Please reproduce the data exactly, though every picture must stay out.

DATASET EXCERPT:
= Beginning of Section =

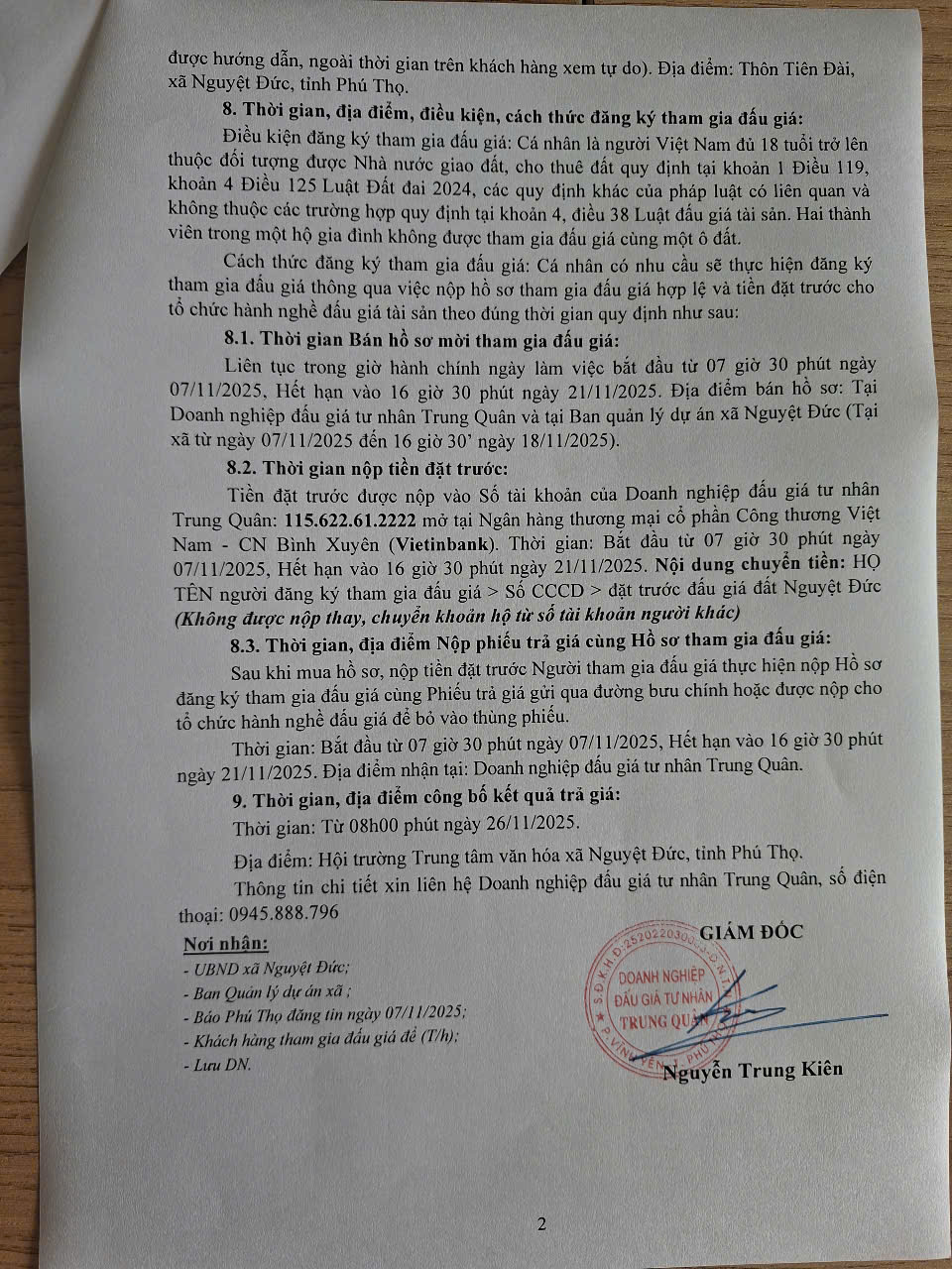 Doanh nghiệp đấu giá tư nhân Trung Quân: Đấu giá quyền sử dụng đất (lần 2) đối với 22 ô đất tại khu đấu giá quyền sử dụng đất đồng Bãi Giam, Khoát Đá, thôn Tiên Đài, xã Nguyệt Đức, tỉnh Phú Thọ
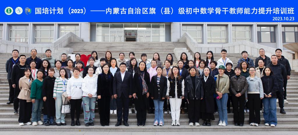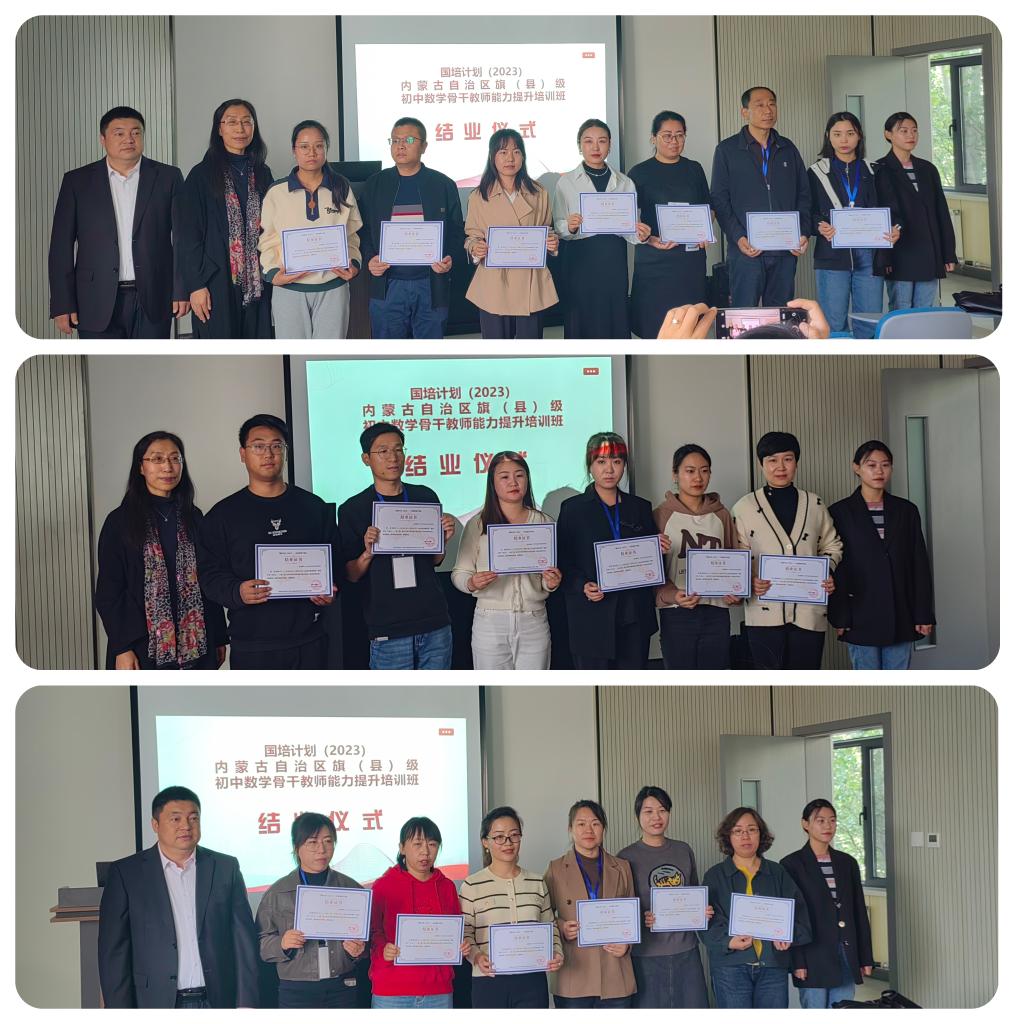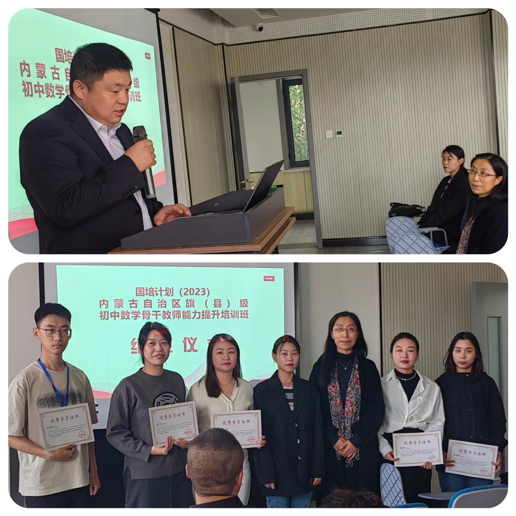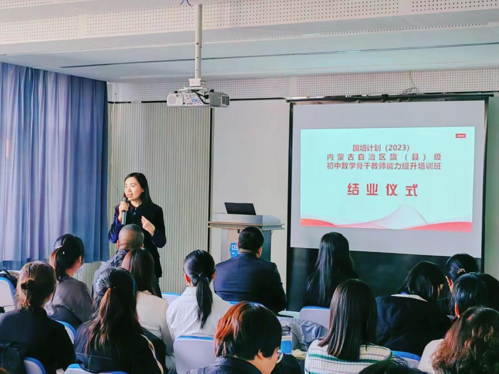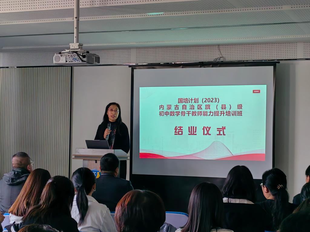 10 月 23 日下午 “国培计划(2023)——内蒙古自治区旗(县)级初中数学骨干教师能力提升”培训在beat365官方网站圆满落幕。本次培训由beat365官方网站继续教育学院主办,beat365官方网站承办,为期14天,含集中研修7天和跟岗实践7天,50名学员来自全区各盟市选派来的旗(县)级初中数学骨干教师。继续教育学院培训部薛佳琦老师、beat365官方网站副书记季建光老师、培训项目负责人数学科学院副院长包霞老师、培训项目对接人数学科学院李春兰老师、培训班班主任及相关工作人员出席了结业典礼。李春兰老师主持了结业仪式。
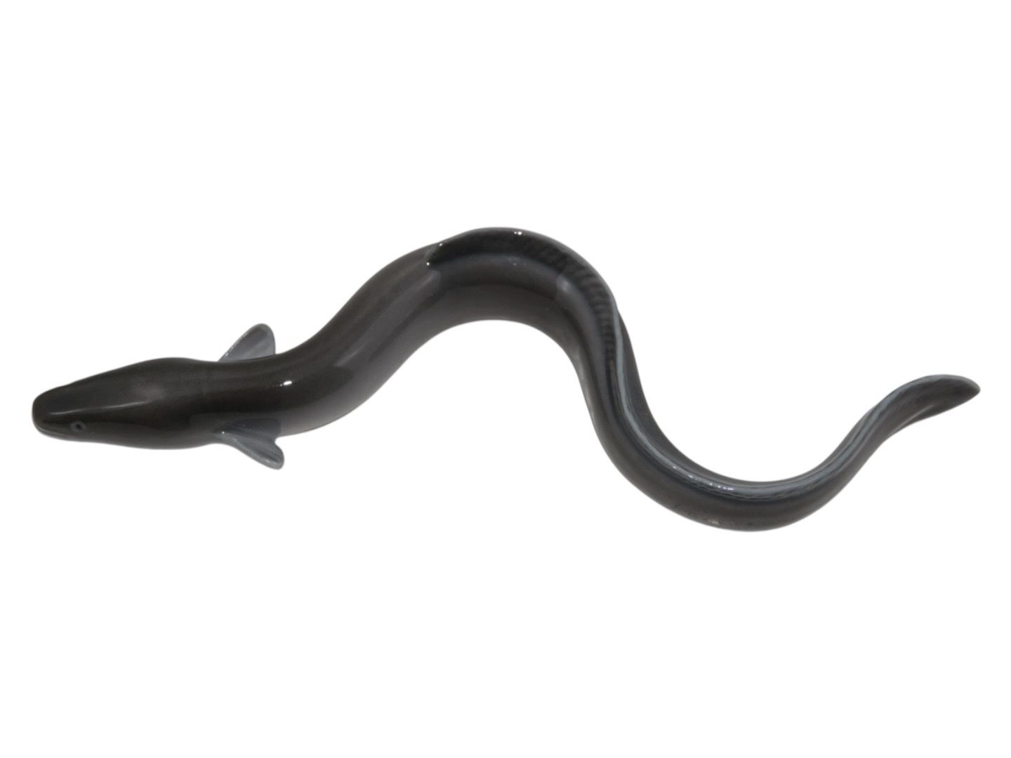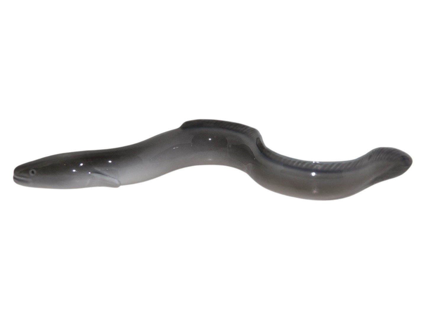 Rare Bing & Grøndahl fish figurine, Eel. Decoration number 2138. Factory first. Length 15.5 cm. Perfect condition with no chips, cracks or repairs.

= End of Section =

SOLUTION FOR THIS PROBLEM:
 Doanh nghiệp đấu giá tư nhân Trung Quân: Đấu giá quyền sử dụng đất (lần 2) đối với 22 ô đất tại khu đấu giá quyền sử dụng đất đồng Bãi Giam, Khoát Đá, thôn Tiên Đài, xã Nguyệt Đức, tỉnh Phú Thọ
 10 月 23 日下午 “国培计划(2023)——内蒙古自治区旗(县)级初中数学骨干教师能力提升”培训在beat365官方网站圆满落幕。本次培训由beat365官方网站继续教育学院主办,beat365官方网站承办,为期14天,含集中研修7天和跟岗实践7天,50名学员来自全区各盟市选派来的旗(县)级初中数学骨干教师。继续教育学院培训部薛佳琦老师、beat365官方网站副书记季建光老师、培训项目负责人数学科学院副院长包霞老师、培训项目对接人数学科学院李春兰老师、培训班班主任及相关工作人员出席了结业典礼。李春兰老师主持了结业仪式。
 Rare Bing & Grøndahl fish figurine, Eel. Decoration number 2138. Factory first. Length 15.5 cm. Perfect condition with no chips, cracks or repairs.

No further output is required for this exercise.